The internet’s influence on retail has accelerated during periods of pandemic lockdown.
Many habits, once formed, are hard to break.
That truism is something the retail world is learning, as some consumers forced to shop online during the COVID-19 lockdowns show no sign of physically returning to the supermarket.
The decline in foot traffic through shopping precincts has had a severe effect on a range of businesses, including centre owners, but until recently it was difficult to measure exactly what had changed and to know whether the shift was permanent.
Those questions were answered, in part at least, by an investigation of shoppers by investment bank Citi, which found shopping habits were not only changed by the lockdowns, but the shift appeared to be permanent.
The key finding in the Citi survey was that, before the COVID-19 outbreak and associated lockdowns earlier this year, 4.8 per cent of grocery shopping was done online.
Today, the online grocery penetration rate is 10.8 per cent. Of equal importance to the increase in online grocery penetration was the response of shoppers surveyed who had made the shift because of the pandemic, with most likely to continue shopping online.
For investors with an eye on grocery retail as a relatively safe sector (based on the principle that people have to eat), there is a guide in the Citi survey: the superior online performance of Woolworths relative to Coles, the two national grocery leaders.
“Woolworths is the clear online stand-out, driving market share gains,” Citi said.
The bank said COVID-19 had accelerated the shift to online shopping, with 21 per cent of shoppers using the online channel during the pandemic, almost double the 11 per cent of shoppers in the pre-pandemic period.
Apart from measuring the increased acceptance of online grocery transactions by shoppers, the Citi survey explored why it was not growing faster.
Of the three issues to emerge, the easiest fix concerned delivery costs (and lowering them), given 49 per cent of survey respondents named high fees as a negative factor.
“Cutting delivery fees below $5 per order would increase penetration but would further compromise the economics of online shopping,” Citi said.
The two issues more difficult to fix are a discovery that 59 per cent of shoppers actually enjoy the in-store experience, and that 63 per cent prefer to pick their own fresh food.
Other significant findings in the Citi survey:
• two-thirds of online grocery shoppers started during the COVID-19 lockdowns; and
• a remarkably high proportion, 85 per cent, of those respondents who started during the lockdowns say they will continue buying online.
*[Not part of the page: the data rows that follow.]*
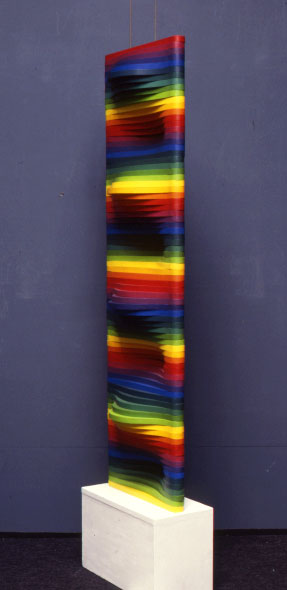 Dans toutes ces démarches, ce qui m'impressionnait, c'était la quantité de changements possibles contenue dans chacune des programmations. Mon plaisir était d'imaginer toutes ces variations se succédant dans le temps, et mes calculs de probabilité m'amenaient à considérer un autre phénomène: la durée indéterminée. Chaque gouache ou chaque tableau produit par telle ou telle combinaison était pour moi un moment particulier de tout ce mouvement de couleurs en changement continuel qui traînait dans ma tête. Par la suite, dès fin 1959, je me suis mis à imaginer des mécanismes pour faire ressortir ce potentiel de variations. Le mouvement réel est apparu dans mes recherches, la multiplication d'images, la transparence, la couleur dans l'espace, la lumière... Toutes ces recherches entreprises voici douze ans, je les ai revues, ordonnées, agrandies, je leur ai donné une meilleure forme plus visible pour les présenter aujourd'hui.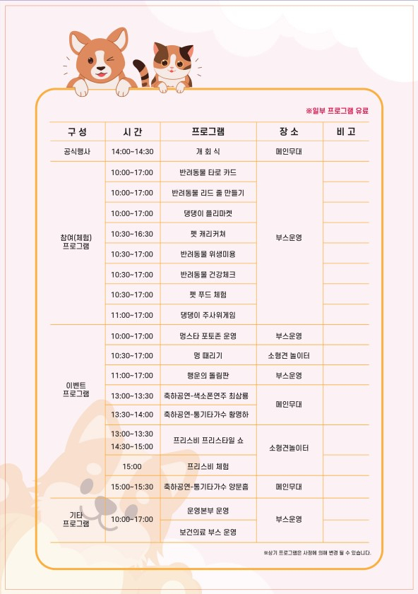 이날 반려동물 정책 홍보, 프리스비 프리스타일 쇼, 반려동물 건강체크, 반려동물 캐리커쳐, 댕댕이 플리마켓, 펫푸드쿠킹클래스, 댕댕이 주사위 게임, 멍때리기 이벤트 등 다양한 행사가 진행된다.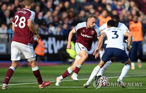 epa09543400 West Ham United's Jarrod Bowen vies for the ball with Tottenham's Sergio Reguilon (R) during the English Premier League soccer match between West Ham United and Tottenham Hotspur at the London Stadium in London, Britain, 24 October, 2021. EPA/ANDY RAIN EDITORIAL USE ONLY. No use with unauthorized audio, video, data, fixture lists, club/league logos or 'live' services. Online in-match use limited to 120 images, no video emulation. No use in betting, games or single club/league/player publications.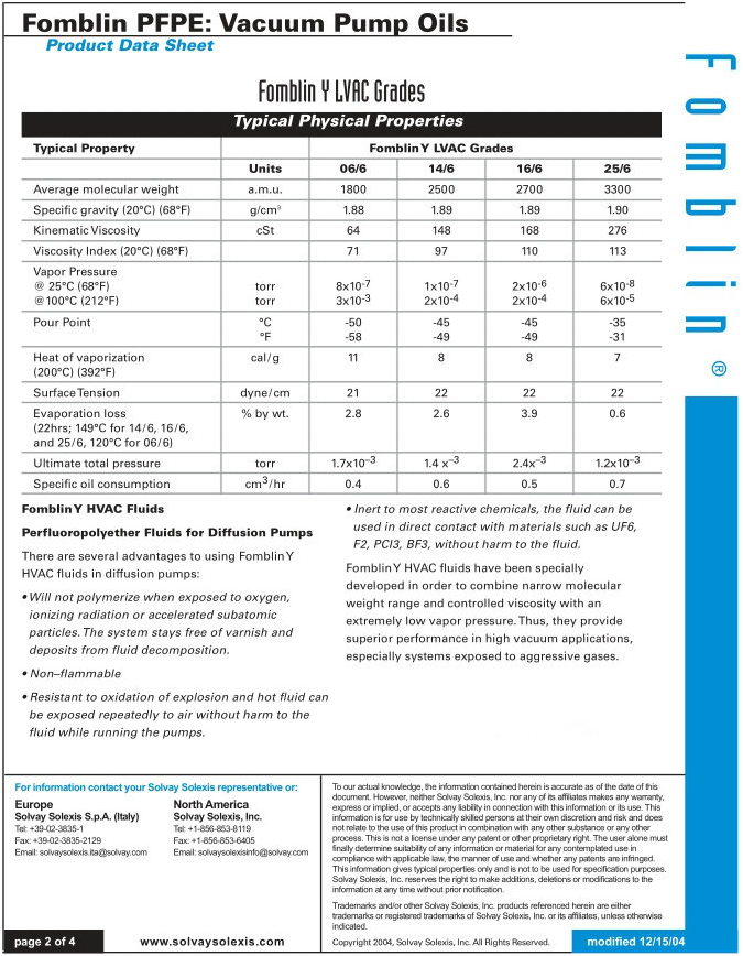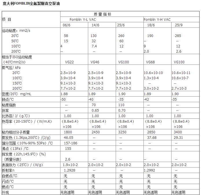 Fomblin Y 等級的全氟聚醚液主要是用作真空泵的潤滑劑。全氟聚醚液是氟*********的混合體。氟*********是在***************下提取的,最早的狀態是************。因為Fomblin的************元素只包括碳、氟、和氧原子,所以這些全氟聚醚液產品具有一些額外的特性: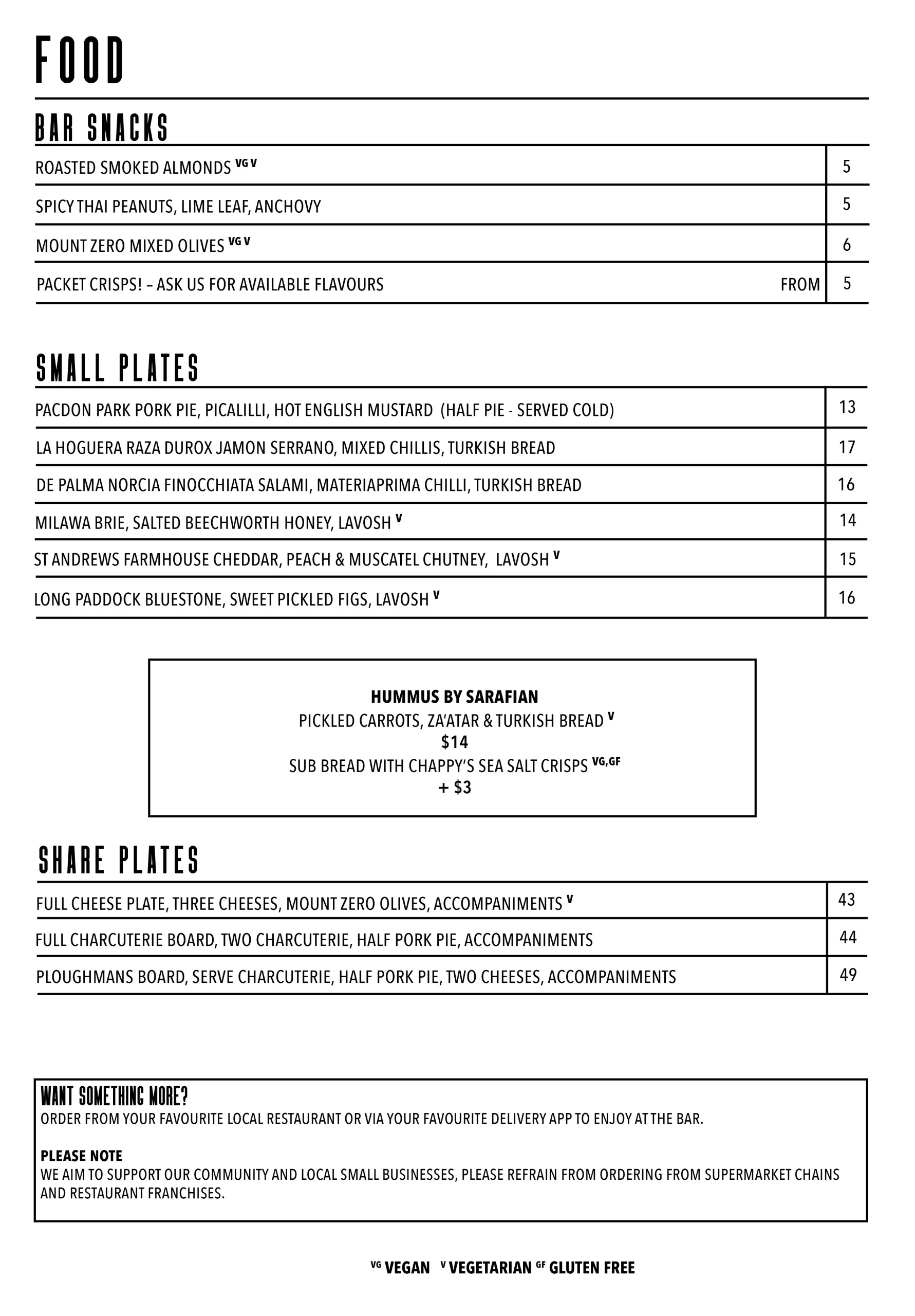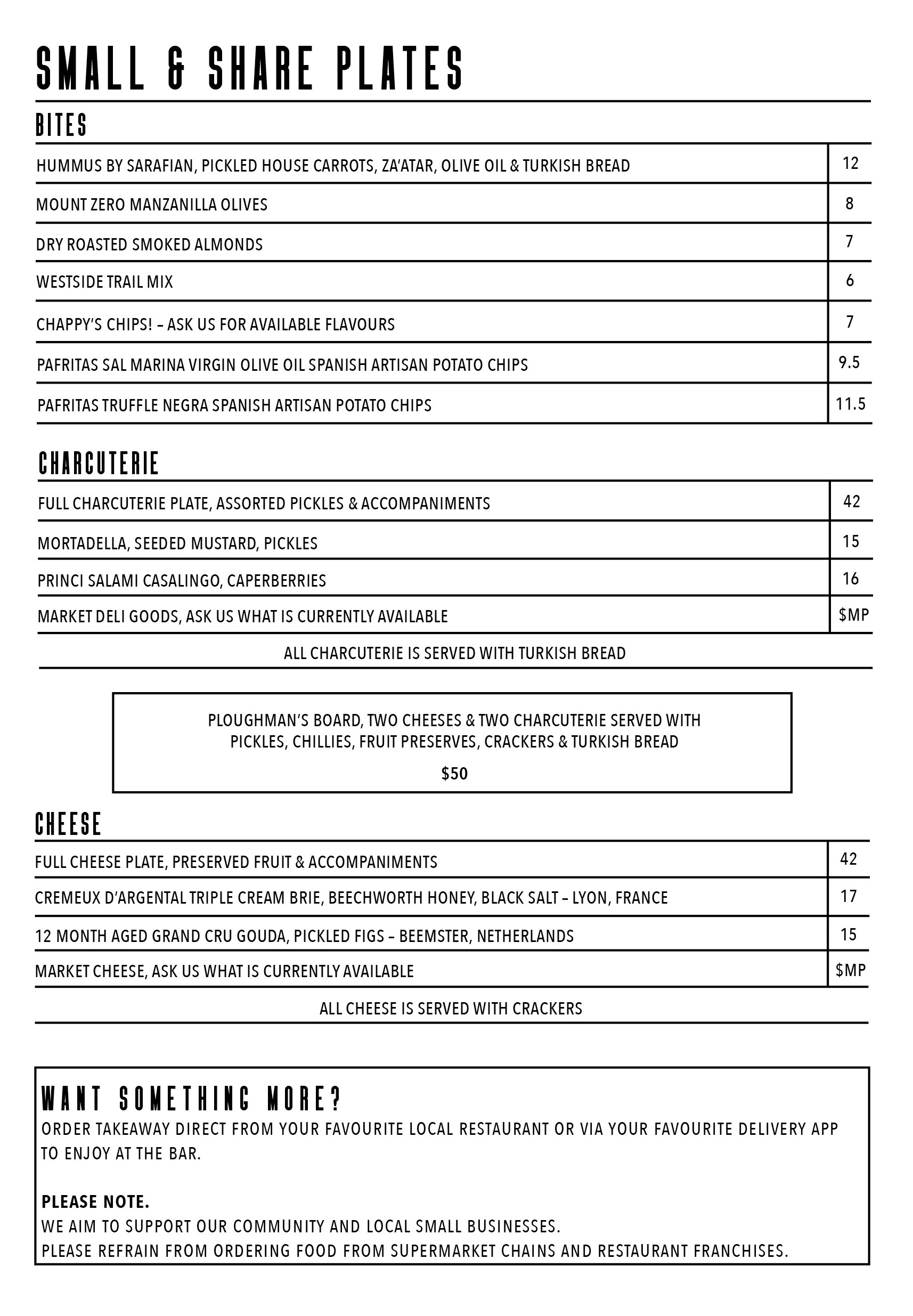 Indulge in the perfect pairing with our delectable small eats menu, expertly crafted to complement your chosen libation. Should you desire a more substantial dining experience, we gladly invite you to order from the diverse range of local takeaway restaurants through your preferred food delivery app.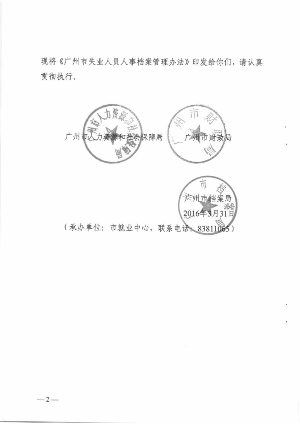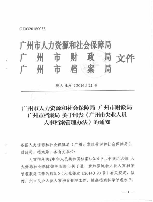 附件:广州市人力资源社会保障局广州市财政局广州市档案局关于印发《广州市失业人员人事档案管理办法》的通

Advice needed ANOTHER survey, which ought to have government financial system regulators wondering whether they have gone too far with laws to protect consumers, is that more than 60 per cent of Australians avoid professional advice when it concerns their money.
One possible interpretation of the rejection of advice revealed in the survey by CPA Australia is that most people find advice too expensive, or perhaps not very good. But there are other reasons that ought to have government agencies thinking about the rules they have created to protect people, and that’s because advisers (and consumers) are finding the process excessively onerous, intrusive and expensive.
To simply start doing business with an adviser requires the completion of multiple forms and a high level of intrusion into private matters, which requires a deep level of trust that is difficult to achieve during a first encounter.
Banks and financial advisers might have behaved badly, as the Hayne Royal Commission established, but now we have a problem whereby consumers are being frightened away from advice that might save them from their own bad investment decisions.
As if China was not a big enough problem for Australia, another issue developing could have serious implications for iron ore mining. In a word the issue is ‘scrap’, with rising piles of scrap iron starting to accumulate in the world’s fastest-growing major economy.
Until recently, the lion’s share of China steel demand was met by iron ore, with Western Australia a major supplier.
By 2030, according to a study by investment bank Morgan Stanley, 18 per cent of China’s iron ore demand could be replaced by scrap.
There is nothing new in this. All economies eventually generate enough scrap to feed specialist reprocessing furnaces. China today has a steel industry that uses 20 per cent scrap.
By 2030 it is expected to match Japan, which uses 32 per cent scrap in its steel melt.
What that means is that scrap iron, by 2030, will displace 155 million tonnes of iron ore, and no prize for guessing who gets displaced first: Australia.